▶ **Supplied material**
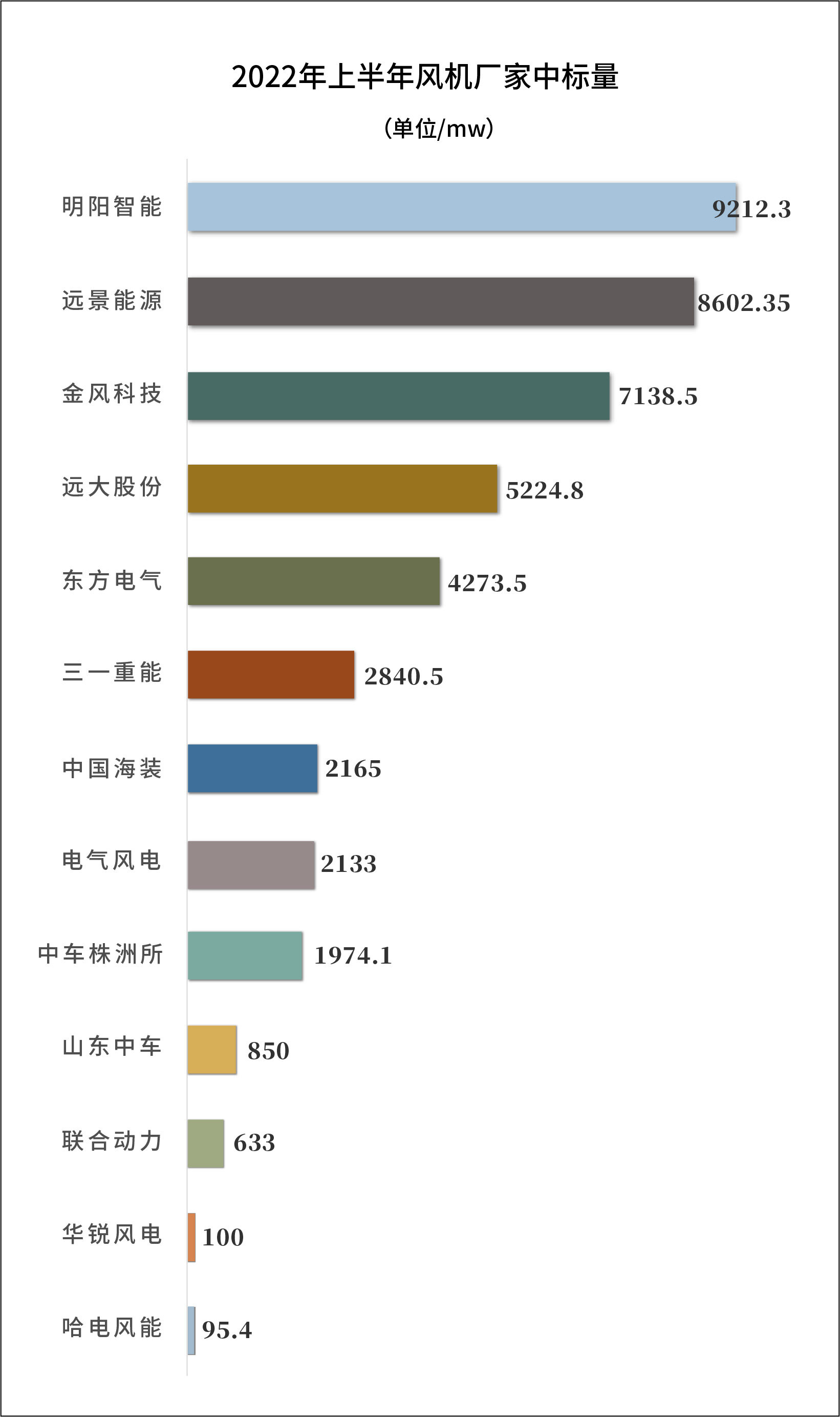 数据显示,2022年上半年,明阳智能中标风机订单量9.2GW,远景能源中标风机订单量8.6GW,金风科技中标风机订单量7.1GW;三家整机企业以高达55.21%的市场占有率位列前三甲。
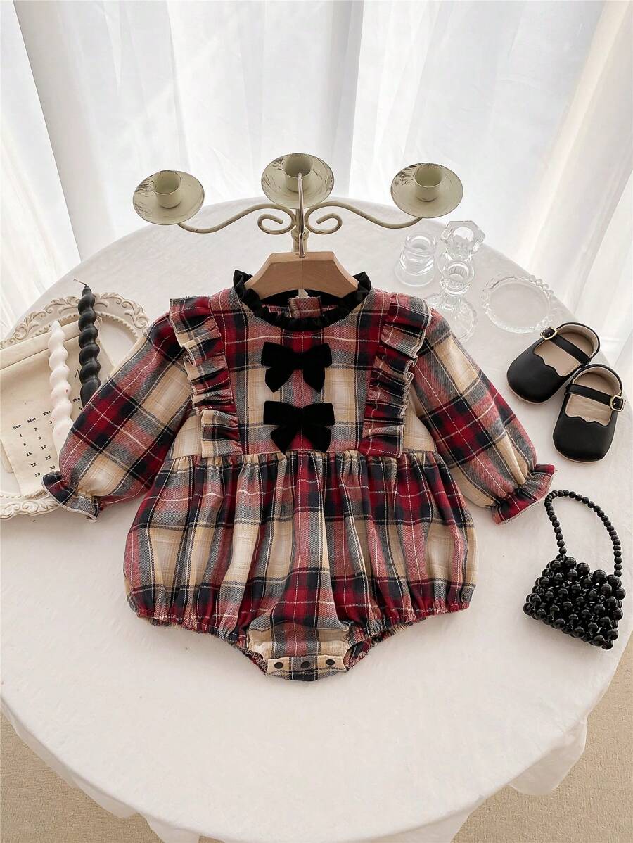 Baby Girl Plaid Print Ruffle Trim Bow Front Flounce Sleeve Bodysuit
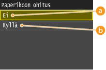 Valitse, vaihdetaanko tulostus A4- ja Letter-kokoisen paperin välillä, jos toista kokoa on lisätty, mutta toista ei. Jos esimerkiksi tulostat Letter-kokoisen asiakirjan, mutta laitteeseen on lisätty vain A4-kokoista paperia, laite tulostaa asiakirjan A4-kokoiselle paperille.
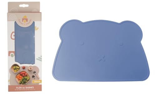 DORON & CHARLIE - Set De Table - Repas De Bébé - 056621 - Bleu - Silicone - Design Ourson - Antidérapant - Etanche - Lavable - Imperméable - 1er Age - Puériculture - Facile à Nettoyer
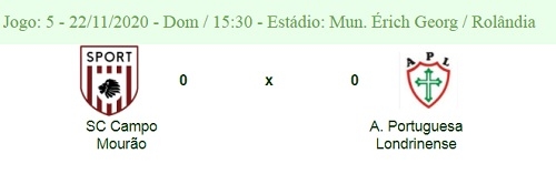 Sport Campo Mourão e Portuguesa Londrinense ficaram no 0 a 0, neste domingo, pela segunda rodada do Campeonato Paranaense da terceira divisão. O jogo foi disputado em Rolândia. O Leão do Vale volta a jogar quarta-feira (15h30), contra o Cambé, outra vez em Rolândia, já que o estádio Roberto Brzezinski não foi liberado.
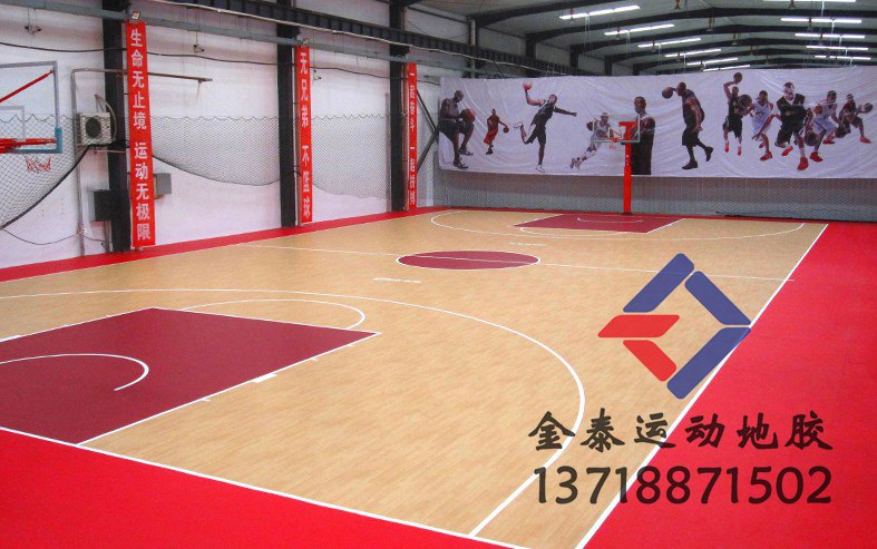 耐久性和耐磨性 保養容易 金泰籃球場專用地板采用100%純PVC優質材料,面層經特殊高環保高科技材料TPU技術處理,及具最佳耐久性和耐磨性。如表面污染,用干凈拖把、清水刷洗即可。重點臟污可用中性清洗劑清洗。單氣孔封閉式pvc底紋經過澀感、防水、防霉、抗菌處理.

▶ **Exercise aim**
From the material above, print everything exactly except the pictures.

▶ **Task answer**
 数据显示,2022年上半年,明阳智能中标风机订单量9.2GW,远景能源中标风机订单量8.6GW,金风科技中标风机订单量7.1GW;三家整机企业以高达55.21%的市场占有率位列前三甲。
 Baby Girl Plaid Print Ruffle Trim Bow Front Flounce Sleeve Bodysuit
 Valitse, vaihdetaanko tulostus A4- ja Letter-kokoisen paperin välillä, jos toista kokoa on lisätty, mutta toista ei. Jos esimerkiksi tulostat Letter-kokoisen asiakirjan, mutta laitteeseen on lisätty vain A4-kokoista paperia, laite tulostaa asiakirjan A4-kokoiselle paperille.
 DORON & CHARLIE - Set De Table - Repas De Bébé - 056621 - Bleu - Silicone - Design Ourson - Antidérapant - Etanche - Lavable - Imperméable - 1er Age - Puériculture - Facile à Nettoyer
 Sport Campo Mourão e Portuguesa Londrinense ficaram no 0 a 0, neste domingo, pela segunda rodada do Campeonato Paranaense da terceira divisão. O jogo foi disputado em Rolândia. O Leão do Vale volta a jogar quarta-feira (15h30), contra o Cambé, outra vez em Rolândia, já que o estádio Roberto Brzezinski não foi liberado.
 耐久性和耐磨性 保養容易 金泰籃球場專用地板采用100%純PVC優質材料,面層經特殊高環保高科技材料TPU技術處理,及具最佳耐久性和耐磨性。如表面污染,用干凈拖把、清水刷洗即可。重點臟污可用中性清洗劑清洗。單氣孔封閉式pvc底紋經過澀感、防水、防霉、抗菌處理.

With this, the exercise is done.